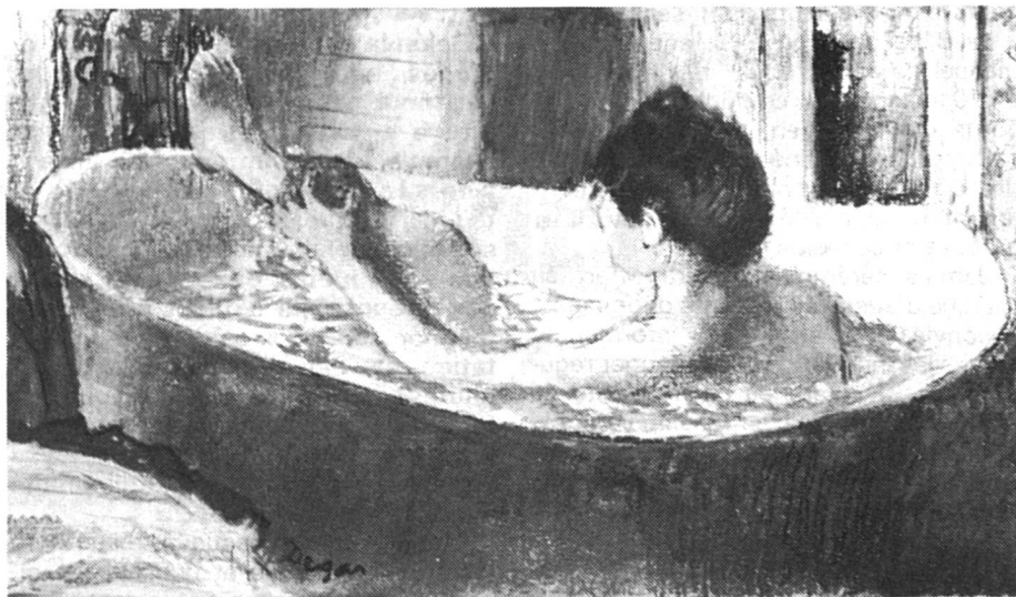
Femme s'épongeant dans sa baignoire, Paris, Le Louvre

Degas : le peintre de la femme en mouvement, le peintre de la femme au quotidien. Parce qu'il l'a représentée en train de se laver, en train de repasser, pensive, préoccupée ou concentrée à sa tâche, Degas a passé, et passe encore pour le peintre le plus misogyne de l'histoire de l'art. Ce qui en dit long sur la représentation socialement acceptable du corps féminin. Dans sa vision de la femme, Degas enfreint en effet un certain nombre de « règles » que l'on peut énumérer comme suit :
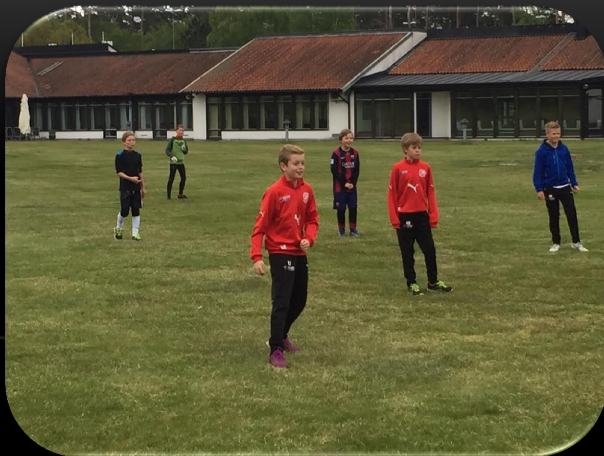
Utelaget runda ett
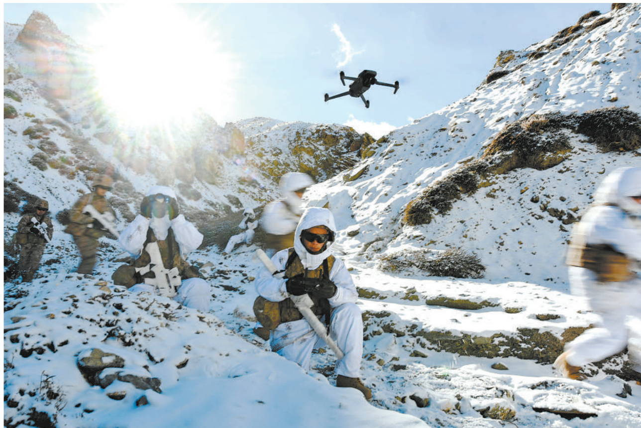
近日,陆军某旅组织侦察分队综合演训,锤炼官兵作战能力。图为分队前出侦察。

“亲情力量激发了学员成长成才内在动力,争先进、当先锋的氛围更加浓厚。”该校领导介绍说,学员们学习生活中自我要求严格,主动结合实际情况制订阶段性目标计划,综合考评优秀率不断提升。一批学员通过相关专业资质认证,多次在全国全军大学生学科竞赛中取得优异成绩。
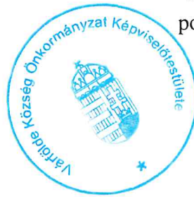
Tóth Árpád polgármester
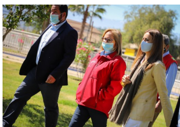
Comité de ministros aprueba plan de
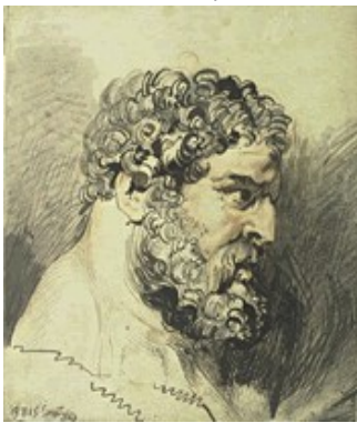
Profil d'Hercule, dessin, Pierre Paul Rubens, XVII e siècle

De l'obscur potier grec de la période classique aux artistes contemporains, en passant par les peintres de la Renaissance et les sculpteurs baroques, tous ont tenté, selon leur inspiration et leur sensibilité, de saisir et d'immortaliser l'un des héros les plus célèbres de l'humanité.
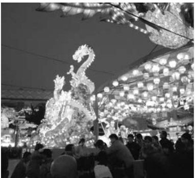
新地会場のオブジェ

〈中華大婚礼〉 ・実施時期 平成25年2月11日 ・パレード 観光通り〜銅座通り〜湊公園 ※パレード終了後、湊公園にて結婚式 ● グラバー園施設整備事業費 ……17億1,000万円 グラバー園に設置している「動く歩道」は建築後37年が経過していることから、利用者の長期的な安全性の確保や利便性の向上を図るとともに、維持管理経費の縮減を図るため、1号機お
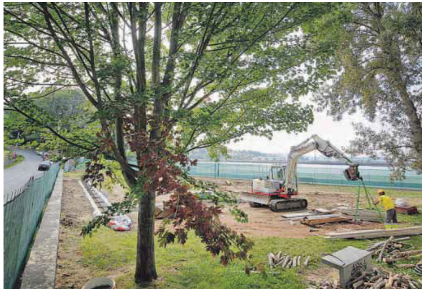
Trabajos de la nueva instalación de saneamiento en la zona del parque de A Cabana. JOSÉ PARDO

La UTE formada por las empresas Construcciones Ramón Vázquez y Reino, Construcciones Cernadas y José Mantiñán e Hijos, a la que la Consellería de Infraestructuras e Mobilidade adjudicó las obras de saneamiento de la ensenada de A Malata por algo más de 5,4 millones de euros, inició los trabajos a principios del pasado mes de abril. Según se informa desde la Xunta, las obras avanzan y, tras haber instalado ya un primer tramo del colector, hubo que cambiar temporalmente de zona de actuación, porque las intervenciones previstas en el puerto es-

------------------------

Repeat verbatim the lines from the one with "De l'obscur potier" through the end of the listing above. Include both ends, add nothing, and exclude the pictures.

# [Exercise output]
De l'obscur potier grec de la période classique aux artistes contemporains, en passant par les peintres de la Renaissance et les sculpteurs baroques, tous ont tenté, selon leur inspiration et leur sensibilité, de saisir et d'immortaliser l'un des héros les plus célèbres de l'humanité.
新地会場のオブジェ

〈中華大婚礼〉 ・実施時期 平成25年2月11日 ・パレード 観光通り〜銅座通り〜湊公園 ※パレード終了後、湊公園にて結婚式 ● グラバー園施設整備事業費 ……17億1,000万円 グラバー園に設置している「動く歩道」は建築後37年が経過していることから、利用者の長期的な安全性の確保や利便性の向上を図るとともに、維持管理経費の縮減を図るため、1号機お
Trabajos de la nueva instalación de saneamiento en la zona del parque de A Cabana. JOSÉ PARDO

La UTE formada por las empresas Construcciones Ramón Vázquez y Reino, Construcciones Cernadas y José Mantiñán e Hijos, a la que la Consellería de Infraestructuras e Mobilidade adjudicó las obras de saneamiento de la ensenada de A Malata por algo más de 5,4 millones de euros, inició los trabajos a principios del pasado mes de abril. Según se informa desde la Xunta, las obras avanzan y, tras haber instalado ya un primer tramo del colector, hubo que cambiar temporalmente de zona de actuación, porque las intervenciones previstas en el puerto es-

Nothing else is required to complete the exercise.